Implications and Future Directions

The findings demonstrate that benchmarking on SWE-Bench-Verified does not adequately distinguish LLMs with genuine reasoning or agentic skills from those with strong corpus recall. Theoretical advancements contingent on agent evaluation require benchmarks that are insulated from pretraining contamination, most effectively through ongoing, automated harvesting of post-cutoff, high-quality issues (as in SWE-rebench (Badertdinov et al., 26 May 2025)).

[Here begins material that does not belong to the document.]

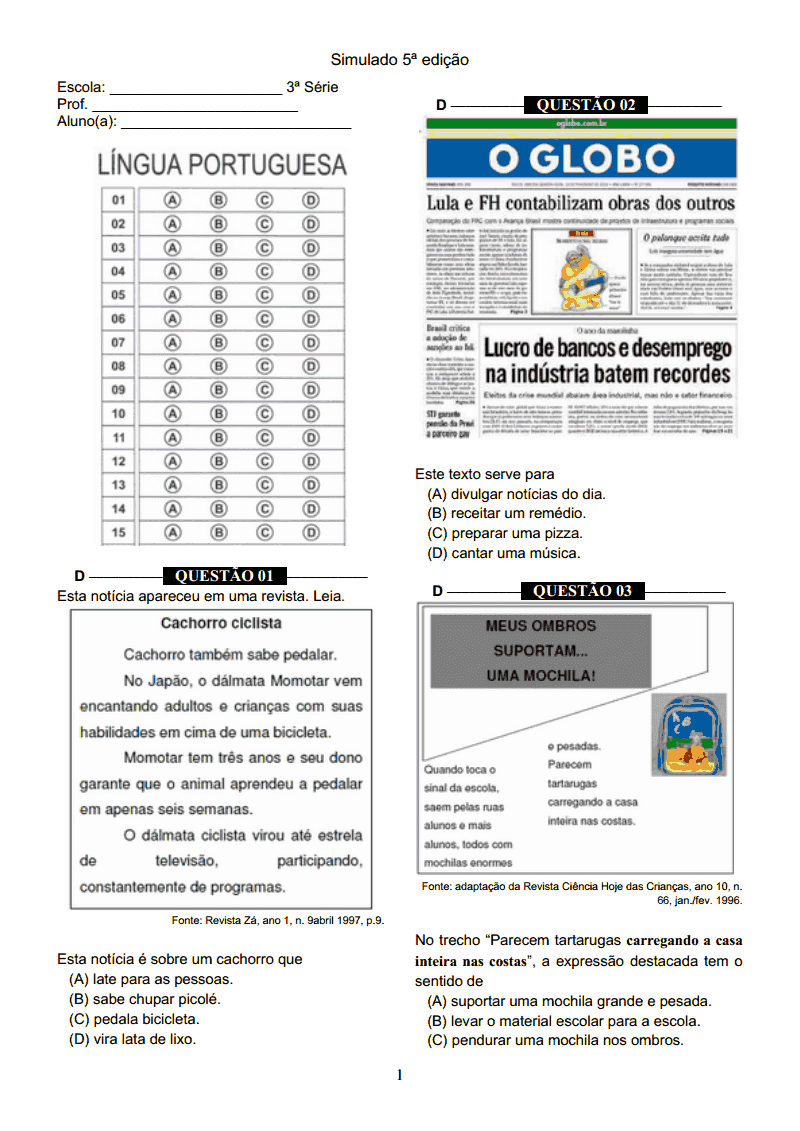 SIMULADO LÍNGUA PORTUGUESA 3º ANO
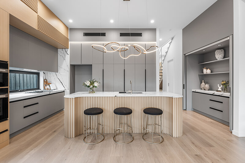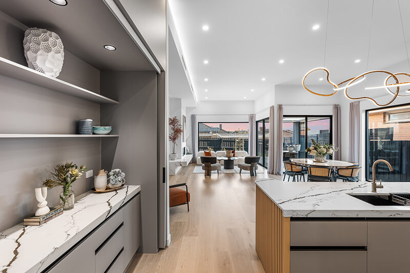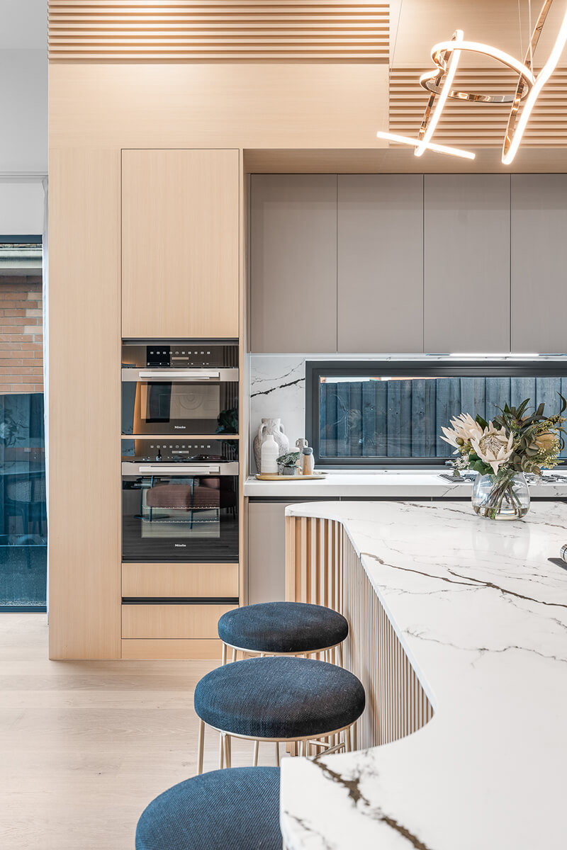 State-of-the-art quality is reflected in the kitchen boasting stone benches, designer details, Miele appliances (oven, microwave, gas stove and integrated dishwasher) plus an adjacent hidden bar area. Picture windows and sliding doors allow for an effortless indoor-outdoor ambience, opening onto an alfresco entertaining space and low-maintenance, landscaped yard.

Practically, relying on contaminated benchmarks may mislead research prioritization, encouraging optimization for short-term leaderboard advancement rather than architectural or methodological generalization. Future work should emphasize robust contamination detection, post-hoc decontamination, and continuous benchmark evolution. Cross-lingual, multimodal, and context-agnostic settings should be the new standard for evaluating true agentic proficiency.

Conclusion

SWE-Bench-Verified, while widely adopted, suffers from critical contamination, as evidenced by extreme performance of LLMs under minimal input settings—an effect not seen on syntactically and semantically similar, decontaminated datasets. This disparity indicts present leaderboard results, which may reflect model memory over true localization or patch generation skills. The field must transition to benchmarks engineered around active decontamination and diversification to ensure genuine progress in autonomous software agent research.